Guide

Flaky Tests Explained: Causes, Costs, and How Vision-Based Testing Helps

Flaky tests waste 20+ hours weekly for most teams. Learn why traditional fixes fail and how vision-based testing eliminates flakiness at its source.

Dhaval Shreyas
Dhaval Shreyas
Co-founder & CEO at Pie
14 min read

What you’ll learn

  • The four root causes of test flakiness and why each one matters
  • Why retries, quarantines, and timeouts make the problem worse over time
  • How vision-based testing decouples tests from implementation details
  • A practical framework to measure your team’s flake rate

A test fails. You check the logs. Nothing in the codebase changed. You hit re-run, and it passes.

The World Quality Report found that organizations dedicate 30-50% of their testing resources to maintaining and updating test scripts. For a team of five QA engineers, that’s the equivalent of losing two full-time engineers to test babysitting.

The instinct is to add retries, increase timeouts, or quarantine the worst offenders.
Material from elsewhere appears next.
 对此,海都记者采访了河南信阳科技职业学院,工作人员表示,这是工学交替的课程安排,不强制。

None of it works long-term because the problem runs deeper than individual tests. The architecture of selector-based testing is brittle.

This guide breaks down why tests become flaky, why common fixes backfire, and how vision-based testing solves the problem at its source.

What Makes a Test Flaky

A flaky test produces inconsistent results without any changes to the code being tested. Run it ten times, it passes eight. The two failures have no explanation that makes sense.
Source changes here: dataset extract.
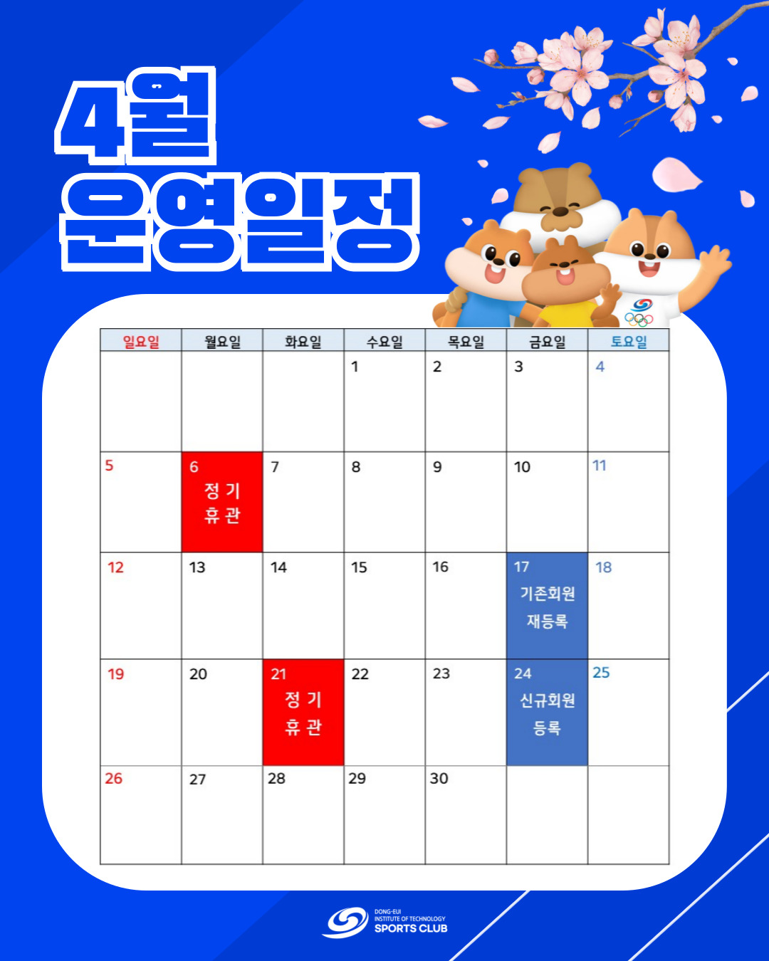 (사) 동의과학대 스포츠클럽 4월 운영일정 안내

The causes fall into four categories:

1. Timing Dependencies

Tests assume operations complete within fixed windows. Network latency spikes. Database queries slow down. CI servers get busy.
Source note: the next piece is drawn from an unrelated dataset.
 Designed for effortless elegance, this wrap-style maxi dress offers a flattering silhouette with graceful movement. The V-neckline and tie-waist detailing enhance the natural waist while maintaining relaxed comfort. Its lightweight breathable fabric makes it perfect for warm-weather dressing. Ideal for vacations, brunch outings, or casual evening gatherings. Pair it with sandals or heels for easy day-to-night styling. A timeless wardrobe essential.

A 2024 IEEE study found that 46.5% of flaky tests are “Resource-Affected,” meaning they pass or fail depending on computational resources available during execution. Same code, different machine specs, different results.

2. Selector Fragility

UI tests locate elements using CSS selectors or XPath expressions. When a developer renames a class or restructures a component, selectors break. The application works fine. The test doesn’t.

This is the most common source of flakiness in E2E testing, and it’s built into the architecture of every traditional automation framework.

3. Environment Inconsistency

Tests written on a developer’s machine behave differently in CI. Browser versions differ. Screen resolutions vary. System resources fluctuate. Failures appear only in specific contexts, making them nearly impossible to reproduce locally.

4. Shared State Pollution

Tests that don’t properly clean up after themselves contaminate subsequent tests. Run them in isolation and they pass. Run the full suite and they fail. Test order shouldn’t matter, but it does.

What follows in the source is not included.